SUPPLIED INFORMATION:

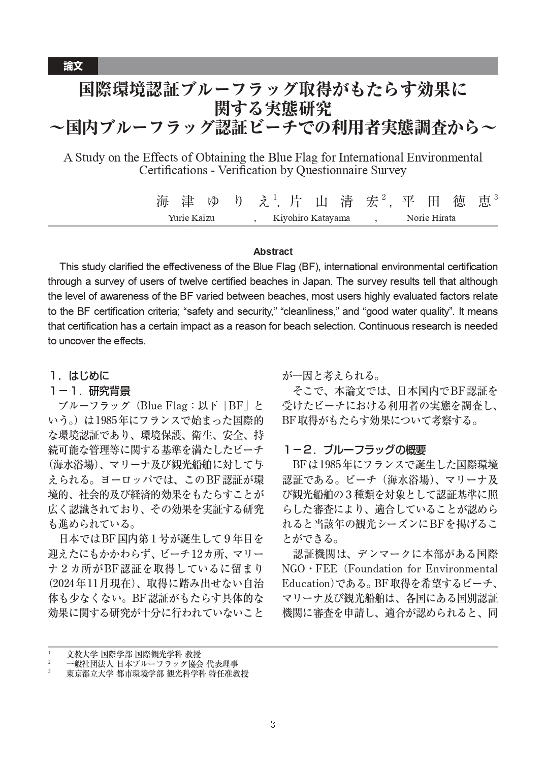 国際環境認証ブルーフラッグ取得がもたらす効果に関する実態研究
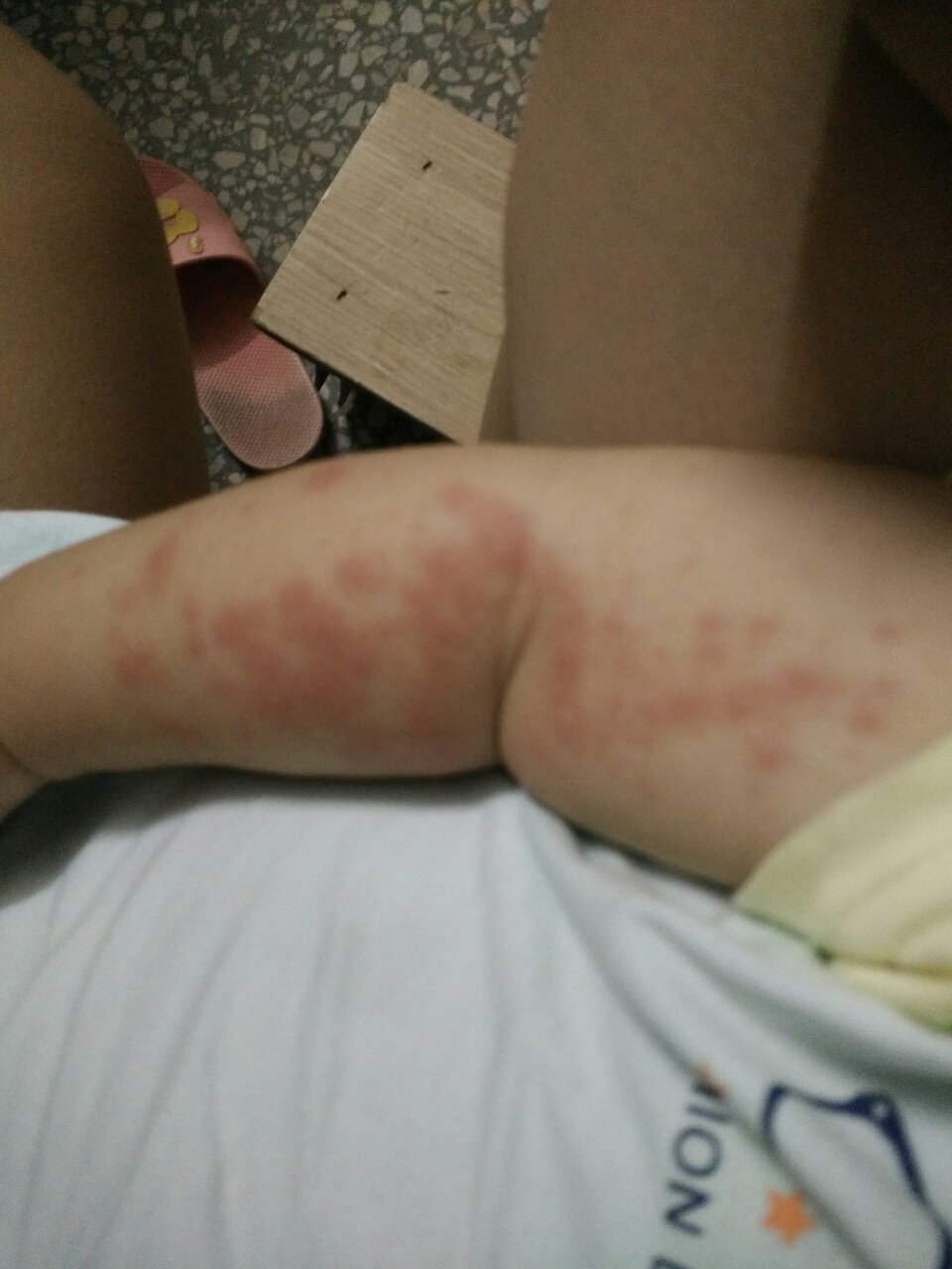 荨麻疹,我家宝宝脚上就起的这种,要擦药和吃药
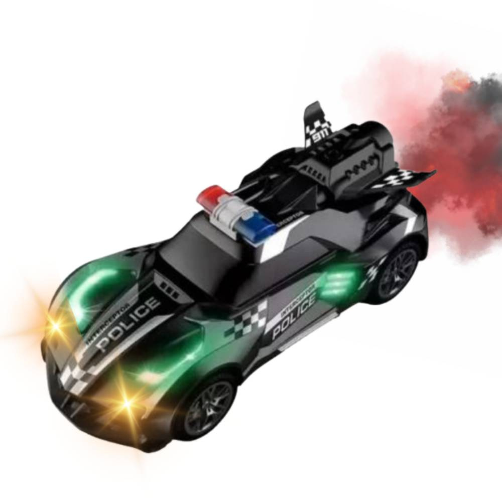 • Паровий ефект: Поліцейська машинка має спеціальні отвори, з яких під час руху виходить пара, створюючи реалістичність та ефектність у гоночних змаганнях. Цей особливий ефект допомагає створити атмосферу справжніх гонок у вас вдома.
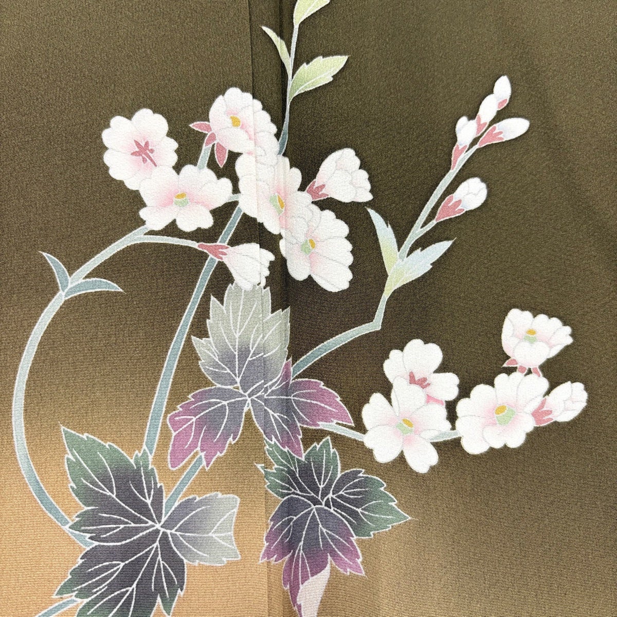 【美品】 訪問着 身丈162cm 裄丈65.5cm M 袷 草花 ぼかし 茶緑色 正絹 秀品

THE PROBLEM: Restate, exactly as they appear, the line with "у вас вдома." and all the lines after it up to the end of the data above; images do not belong in the copy.

EXERCISE OUTPUT:
 • Паровий ефект: Поліцейська машинка має спеціальні отвори, з яких під час руху виходить пара, створюючи реалістичність та ефектність у гоночних змаганнях. Цей особливий ефект допомагає створити атмосферу справжніх гонок у вас вдома.
 【美品】 訪問着 身丈162cm 裄丈65.5cm M 袷 草花 ぼかし 茶緑色 正絹 秀品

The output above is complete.